Institute for War and Peace Reporting | Giving Voice, Driving Change

Armenia: Anyone Want a Factory?

Yerevan rubber factory may be moribund but its staff are still hoping it will bounce back.
By Arpi Beglaryan
  • Workers from the Nairit plant demand their wages, April 29. (Photo:
    Workers from the Nairit plant demand their wages, April 29. (Photo:

At a major industrial plant in Armenia that shut down three years ago, the employees are still holding out hope that an investor will come in and revive production.

Staff at the Nairit rubber factory, located in the capital Yerevan, remain on the payroll even though nothing is being made there.

“This is the third year since production halted at Nairit, and 70 per cent of the staff sit at home on two-thirds pay,” said Serzhik Bezhanyan, a long-serving foreman. “The other 30 per cent come into work to keep the factory in decent shape and make sure that nothing gets stolen and that it doesn’t fall into disrepair…. They receive full pay, although they get it late.”

On April 29, workers held a demonstration outside the Armenian government, demanding payment of back wages for the last ten months.

Berzhanyan was less than optimistic that wages would now start being paid on time. After a similar demonstration in November 2012 last year, officials pledged not only to pay 11 months in wage arrears but also to restart production. Berzhanyan said there had been several previous protests followed by similar promises.

“Every time, after each protest, we get paid our wages for one or two months, and then the debts mount up again,” he said. “If it’s possible to pay out the money, why don’t they do so beforehand? If they need to borrow money to do it, why don’t they take out a bigger loan? We don’t understand what’s going on.”

Launched in 1940, Nairit played a key role in the Soviet economy as the only manufacturer of synthetic rubber. It also branched out into a range of other chemical products.

The Armenian government says it would take 512 million US dollars to get Nairit back on its feet – 146 million to pay off past debts, and 366 million for a modernisation programme.
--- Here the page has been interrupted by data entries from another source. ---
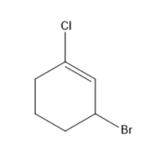 Thus, the IUPAC name of the given structure is $ 3 - Bromo - 1 - chlorocyclohex - 1 - ene $
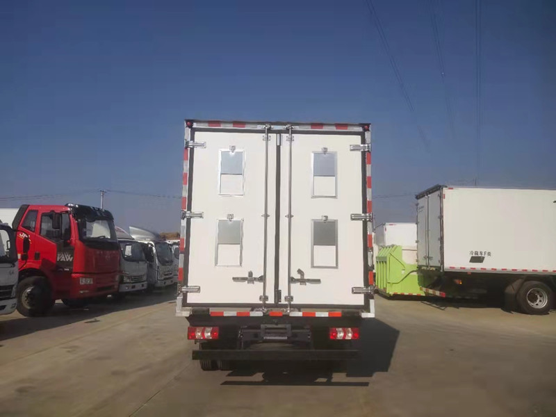 柳汽乘龍藍牌4米2雞苗運輸車上裝專用配置:雞苗箱體內尺寸4050x2100X2100(mm),廂體采用真空吸附、液壓吸附一體成型生產線制造,三明治復合粘接,保溫性能達到國家A級標準。廂板材質:內外壁板選用國內優質2.2mm玻璃鋼(不吸光、隔熱性好、硬度強、抗氧化);中間保溫層為XPS擠塑聚笨板;廂體厚度8CM。地板采用鋁花紋板,門邊條采用迷宮式橡膠密封條。廂體配件:廂體周邊鋁合金包邊,不銹鋼包角,不銹鋼門鎖,不銹鋼門框及合頁,廂體內節能LED照明燈。
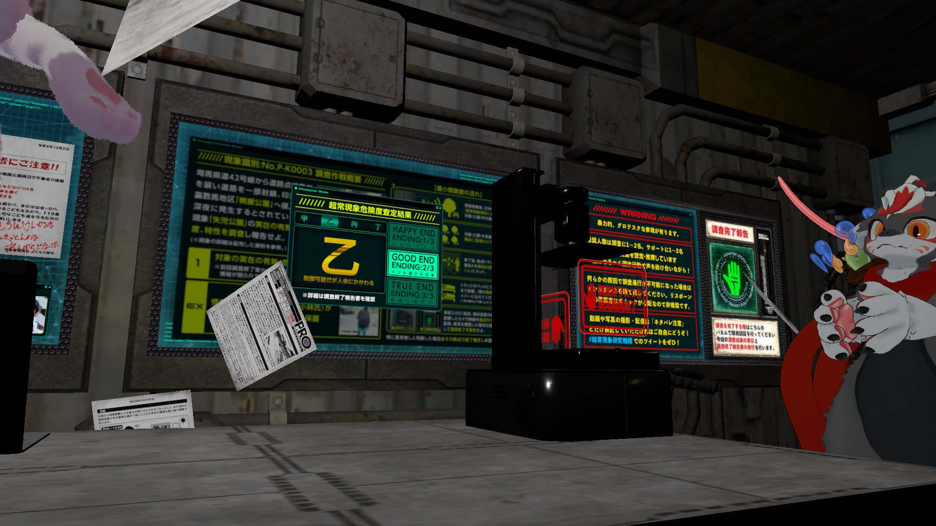 ちなみにオレはあまり頭は使わずに一本の道を進む感じのホラーワールドが好きな方なんだけど、こういうお仕事のようなことを体験しながら徐々にホラーも体験できるこんな感じのワールドも結構好きかもしれない。うまく言い表せないけど、テレビ番組でネッシーやチュパカブラやUMAを探すような特集をよく見るよね。それをバーチャルの世界で関わっている感じ。
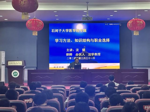校友榜样示范,助力学生成长成才。为深入学习贯彻党的二十大精神,扎实推进“三全育人”工作,进一步提升人才培养质量,3月31日,医学院“校友领航·共话成长”校友讲座在南区学术报告厅顺利开讲。讲座由医学院1984级校友沈健主讲,学院师生代表200余人参加讲座。讲座前,学院老师与校友进行亲切交流,对校友来校讲座表示欢迎。

In 2006, Nairit was acquired by a consortium including Polish, United States and Russian companies, with the Armenian state retaining a ten per cent stake. But the factory’s debts continued mounting until they exceeded the value of the shares, so control reverted to the bank which had underwritten the investment.

A big explosion at the factory in 2009 was a further setback for production.
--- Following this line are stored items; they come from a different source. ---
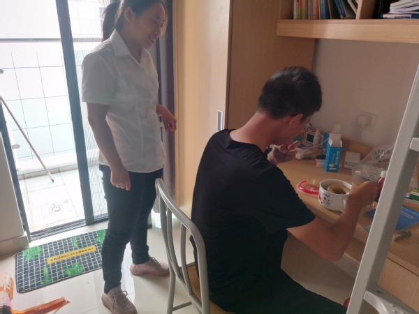 8月31日,来自上海的一位新生腿部骨折,在只有上铺的学生宿舍内,行动极为不便。为了解决他起居困难的问题,公寓的相关负责人与各部门之间紧急协调,帮助他调配了一张单层的单人床。由于担心因伤无法正常行动的学生情绪低落,公寓阿姨们经常去问候他,为他排忧解难,用满满的正能量激励他保持乐观的心态。“把孩子放在这,我们一百个放心”是家长由衷的感叹。
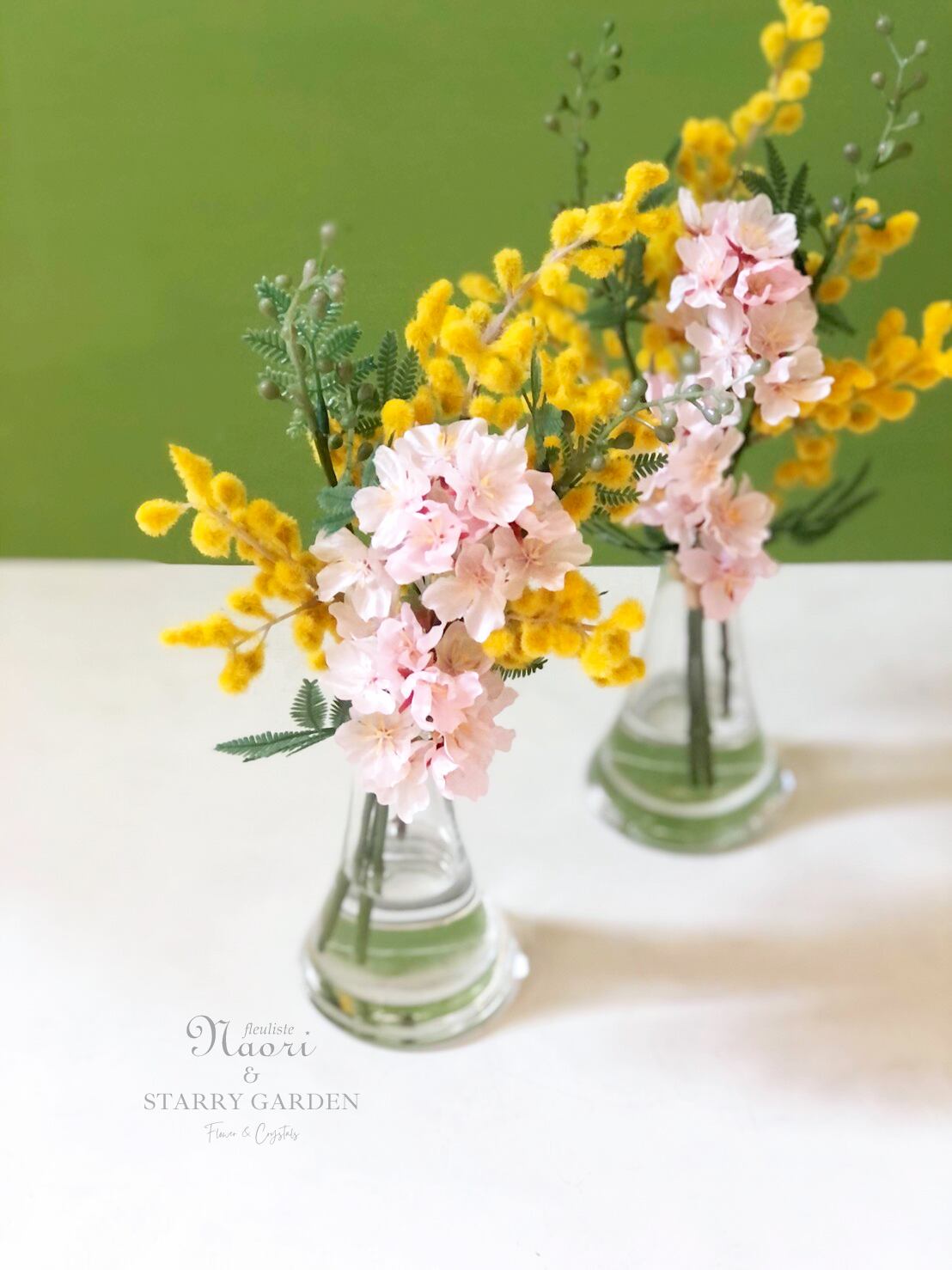春満開!ミモザと桜の花瓶付きアレンジ ずっと楽しめるアーティフィシャルフラワー
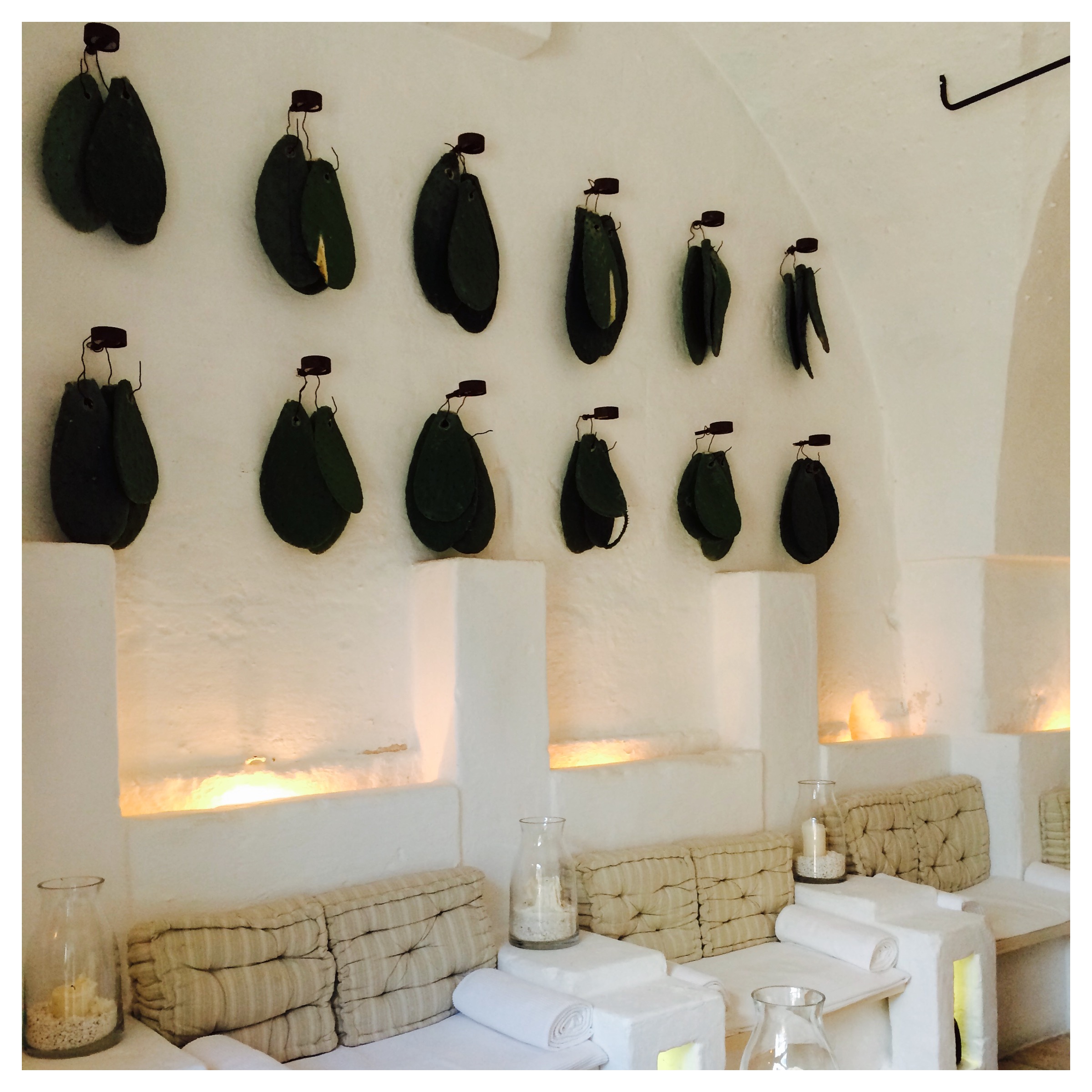 The central house has a small reception desk and sitting area, shared with a small white lounge bar all decorated with Pugliese details of delightful worn cowbells and bunches of cacti palms on the walls. The dining room was distinctly farmhouse fashionable with wooden chairs and tables painted blue and garnished by the dramatic flash of red colour from the groups of drying small tomatoes hanging from the ceiling. There was informal outdoor seating to enjoy the grounds and ancient olive tress, plus a short five minute walk to the beach and bright blue waters. The natural element is very much part of the design theme throughout the property and it is used in a playful contemporary way to create a tranquil oasis.
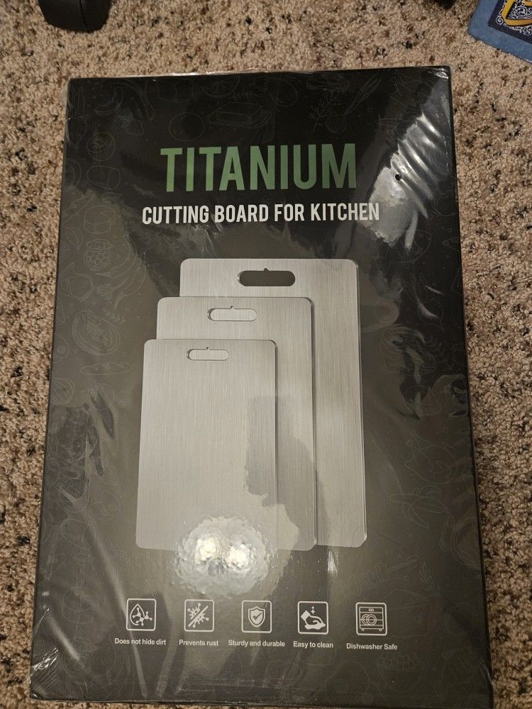 Comes with 3 sizes. Easy to clean durable titanium cutting boards. Brand new never opened. Absolute best for removing lingering bacteria.
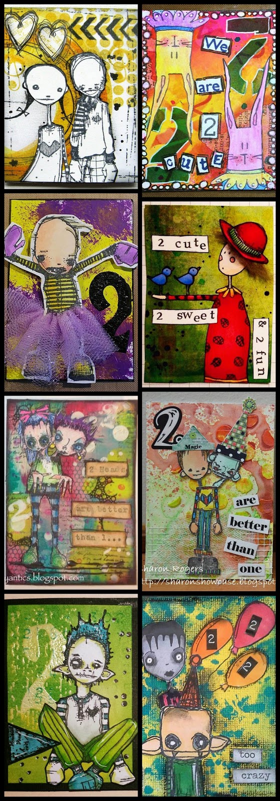 Eye candy - all of this month's fabulous ATCs!You can interpret the theme of 2's any way you want. Duos, mirrors, the number two, duplicates - whatever comes to mind. This month's ATC swap players are joining the design team and Shelby Thomas to provide you with oodles of inspiration to play along!
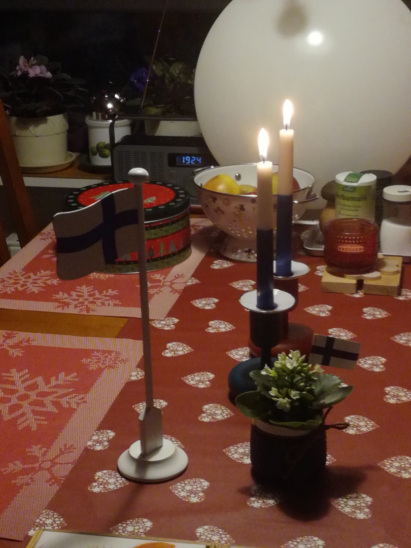 Kirjoittanut: Yrjö« : 6.12.2022 kello on 21:16 »![]() lipun nostaisin, jos olisi tanko.Meillä on tällänen köyhänmiehen tanko. Ei se oikeaa vastaa, mutta parempi kun ei mitään. ![]() Kirjoittanut: Arska« : 6.12.2022 kello on 20:20 »Hyvää itsenäisyyspäivää kaikille. Katselin telkusta katselmuksen ja paraatin, jospa pojan näkisin, ja näinkin, oli kertausharjoituksis sa marssimassa maakuntajoukoissa paraatissa. Sai ylennyksennkin vääpeliksi. Kaiken kukkuraksi iltapäivälehdessäki n oli kuva sällistä paraatissa. Kaksi sinivalkoista kynttilää on ikkunalla, radiosta kuuntelen vastaanottoa ja väkerrän korviksia.

In 2011, a tender to manage Nairit company was won by a German firm, but it subsequently disappeared.

On April 15 this year, Energy and Natural Resources Minister Armen Movsisyan said three companies had already submitted business plans. He would not name them, but said a major Russian oil firm, Rosneft, was now putting out feelers.
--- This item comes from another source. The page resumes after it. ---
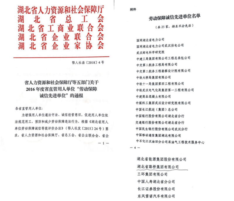 近日,湖北省人力资源和社会保障厅、湖北省总工会、湖北省工商联合会、湖北省企业联合会、湖北省企业家协会五部门联合发文,公布了2016年度省直管用人单位"劳动保障诚信先进单位",评定"国网湖北省电力公司"等25家单位为2016年度劳动保障诚信先进单位,湖北省路桥集团有限公司荣膺其中,获得了考核小组的高度评价。
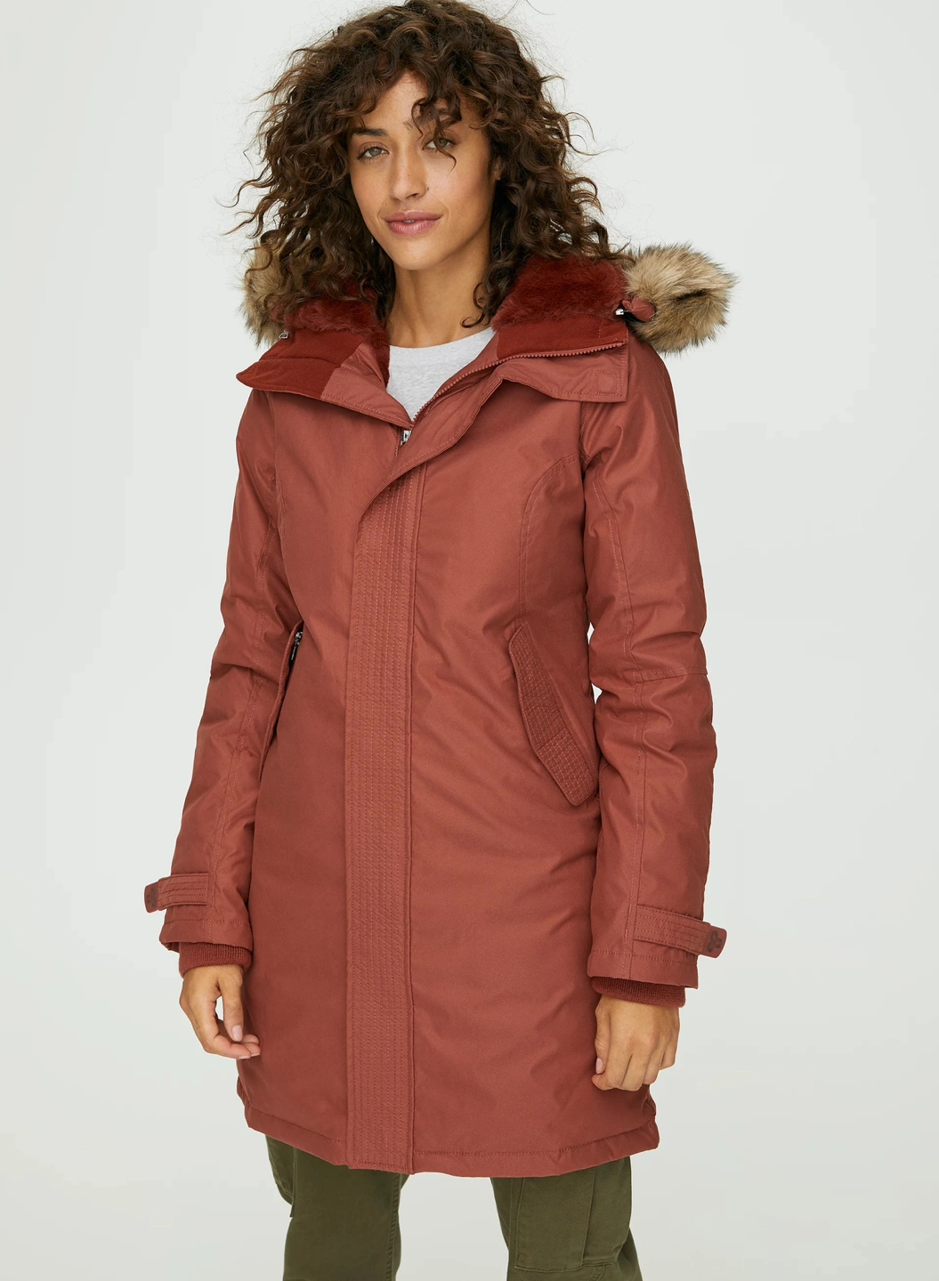 _ Content: 57% biconstituent fibre polyester nylon, 43% polyester; Coating: 100% polyurethane; Faux fur lining: 100% polyester; Sleeve & lower body lining: 100% polyester; Cuffs: 80% merino wool, 20% nylon; Fill: 80% goose down, 20% goose feathers; Detachable faux fur trim: 46% modacrylic, 37% acrylic, 17% polyester

“Rosneft has not made any investment proposals; it’s only coming to that now,” he told the online news service “Rosneft is one of the world’s largest companies, and if it has expressed an [interest], that has to be a major coup for Armenia.”

The Moscow newspaper Izvestia reports that Russia has agreed to offer a loan of 400 million US dollars for Nairit.

Even with possible investors on the horizon, there are question marks over whether Nairit can compete in a modern global economy, and what it would cost to get it into shape.

According to Tatul Manaseryan, an economist and head of the Alternativa think-tank, “With every year, the factory’s products become less attractive and important to the world market. We used to occupy a leading position, but now our rubber and other products are less competitive… than Chinese companies make.”

Manaseryan said that if the plant was salvageable, the right kind of investor would need to be found to take it on.

“There may be giant companies or international corporations for which the risk is acceptable, and which can afford to invest without tangible, immediate results or quick profits,” he said.

Bezhanyan said he had heard promises of imminent deals before.

“Every time, they tell us that talks are going on and that in time, the factory will operate properly again,” he said. “Some British people and Russians have been here to look at the factory, and there’s hope production will be revived, though we don’t know when.”

Although the Nairit factory has retained staff, Manaseryan warns that key technical expertise has been lost as Armenians leave the country in large numbers.

“We have to take into account that many of the engineers and technicians have already left Armenia. This exodus is not a new problem, but to retain the remaining workers and train up good people, we need to launch targeted programmes and reassure the remaining workers that they will keep their jobs,” he said.

Arpi Beglaryan is a reporter for the website in Armenia.